# Activity
From the records below, set down exactly the lines starting with the line that contains "[功能主治] 滋陰清熱,解毒消腫。用于陰虛火旺所致的口腔炎癥。" and going on through the line that contains "are included. IT052005B54BVVGS43". Nothing else is wanted.

Segment Start: Dataset records

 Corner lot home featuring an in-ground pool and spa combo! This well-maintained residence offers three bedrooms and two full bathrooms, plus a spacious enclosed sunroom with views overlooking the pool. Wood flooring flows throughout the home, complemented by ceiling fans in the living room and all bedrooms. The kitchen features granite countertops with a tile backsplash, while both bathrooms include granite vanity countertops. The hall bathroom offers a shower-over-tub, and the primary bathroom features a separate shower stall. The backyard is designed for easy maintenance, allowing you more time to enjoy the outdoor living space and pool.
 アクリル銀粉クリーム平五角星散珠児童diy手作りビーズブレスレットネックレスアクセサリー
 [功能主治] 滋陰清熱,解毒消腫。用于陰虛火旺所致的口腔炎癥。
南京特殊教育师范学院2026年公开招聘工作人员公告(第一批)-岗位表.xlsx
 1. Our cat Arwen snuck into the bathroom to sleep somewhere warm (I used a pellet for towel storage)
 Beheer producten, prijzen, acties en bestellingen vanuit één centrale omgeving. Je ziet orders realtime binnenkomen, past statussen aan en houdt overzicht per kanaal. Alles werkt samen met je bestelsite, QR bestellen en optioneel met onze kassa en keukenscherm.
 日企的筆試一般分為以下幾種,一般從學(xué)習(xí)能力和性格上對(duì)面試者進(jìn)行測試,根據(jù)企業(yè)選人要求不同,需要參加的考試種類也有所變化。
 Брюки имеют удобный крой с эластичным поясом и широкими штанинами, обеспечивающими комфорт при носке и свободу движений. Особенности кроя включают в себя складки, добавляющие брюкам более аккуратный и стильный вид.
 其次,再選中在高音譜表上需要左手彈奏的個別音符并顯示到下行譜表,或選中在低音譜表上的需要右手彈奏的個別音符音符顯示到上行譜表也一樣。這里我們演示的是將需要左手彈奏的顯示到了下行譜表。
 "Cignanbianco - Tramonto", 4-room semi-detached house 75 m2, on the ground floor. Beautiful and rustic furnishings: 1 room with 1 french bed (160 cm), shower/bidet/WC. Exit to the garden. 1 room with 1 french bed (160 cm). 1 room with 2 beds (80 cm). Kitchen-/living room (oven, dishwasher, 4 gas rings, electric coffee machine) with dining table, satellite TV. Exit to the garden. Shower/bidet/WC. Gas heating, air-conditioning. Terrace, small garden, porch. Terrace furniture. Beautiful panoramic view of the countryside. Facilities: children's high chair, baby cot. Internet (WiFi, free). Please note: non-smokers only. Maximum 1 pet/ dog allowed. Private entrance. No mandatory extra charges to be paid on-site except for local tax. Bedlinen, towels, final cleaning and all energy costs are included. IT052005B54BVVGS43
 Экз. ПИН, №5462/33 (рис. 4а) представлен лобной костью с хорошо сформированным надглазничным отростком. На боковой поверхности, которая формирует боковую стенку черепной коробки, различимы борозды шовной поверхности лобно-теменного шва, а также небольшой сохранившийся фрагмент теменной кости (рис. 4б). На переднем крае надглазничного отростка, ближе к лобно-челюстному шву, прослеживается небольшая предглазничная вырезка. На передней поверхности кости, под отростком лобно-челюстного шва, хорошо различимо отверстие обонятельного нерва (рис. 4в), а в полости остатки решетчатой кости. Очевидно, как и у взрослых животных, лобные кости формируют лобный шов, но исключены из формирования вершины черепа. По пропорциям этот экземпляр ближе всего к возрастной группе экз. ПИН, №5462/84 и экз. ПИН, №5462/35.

Segment End: Dataset records

# Task output
 [功能主治] 滋陰清熱,解毒消腫。用于陰虛火旺所致的口腔炎癥。
南京特殊教育师范学院2026年公开招聘工作人员公告(第一批)-岗位表.xlsx
 1. Our cat Arwen snuck into the bathroom to sleep somewhere warm (I used a pellet for towel storage)
 Beheer producten, prijzen, acties en bestellingen vanuit één centrale omgeving. Je ziet orders realtime binnenkomen, past statussen aan en houdt overzicht per kanaal. Alles werkt samen met je bestelsite, QR bestellen en optioneel met onze kassa en keukenscherm.
 日企的筆試一般分為以下幾種,一般從學(xué)習(xí)能力和性格上對(duì)面試者進(jìn)行測試,根據(jù)企業(yè)選人要求不同,需要參加的考試種類也有所變化。
 Брюки имеют удобный крой с эластичным поясом и широкими штанинами, обеспечивающими комфорт при носке и свободу движений. Особенности кроя включают в себя складки, добавляющие брюкам более аккуратный и стильный вид.
 其次,再選中在高音譜表上需要左手彈奏的個別音符并顯示到下行譜表,或選中在低音譜表上的需要右手彈奏的個別音符音符顯示到上行譜表也一樣。這里我們演示的是將需要左手彈奏的顯示到了下行譜表。
 "Cignanbianco - Tramonto", 4-room semi-detached house 75 m2, on the ground floor. Beautiful and rustic furnishings: 1 room with 1 french bed (160 cm), shower/bidet/WC. Exit to the garden. 1 room with 1 french bed (160 cm). 1 room with 2 beds (80 cm). Kitchen-/living room (oven, dishwasher, 4 gas rings, electric coffee machine) with dining table, satellite TV. Exit to the garden. Shower/bidet/WC. Gas heating, air-conditioning. Terrace, small garden, porch. Terrace furniture. Beautiful panoramic view of the countryside. Facilities: children's high chair, baby cot. Internet (WiFi, free). Please note: non-smokers only. Maximum 1 pet/ dog allowed. Private entrance. No mandatory extra charges to be paid on-site except for local tax. Bedlinen, towels, final cleaning and all energy costs are included. IT052005B54BVVGS43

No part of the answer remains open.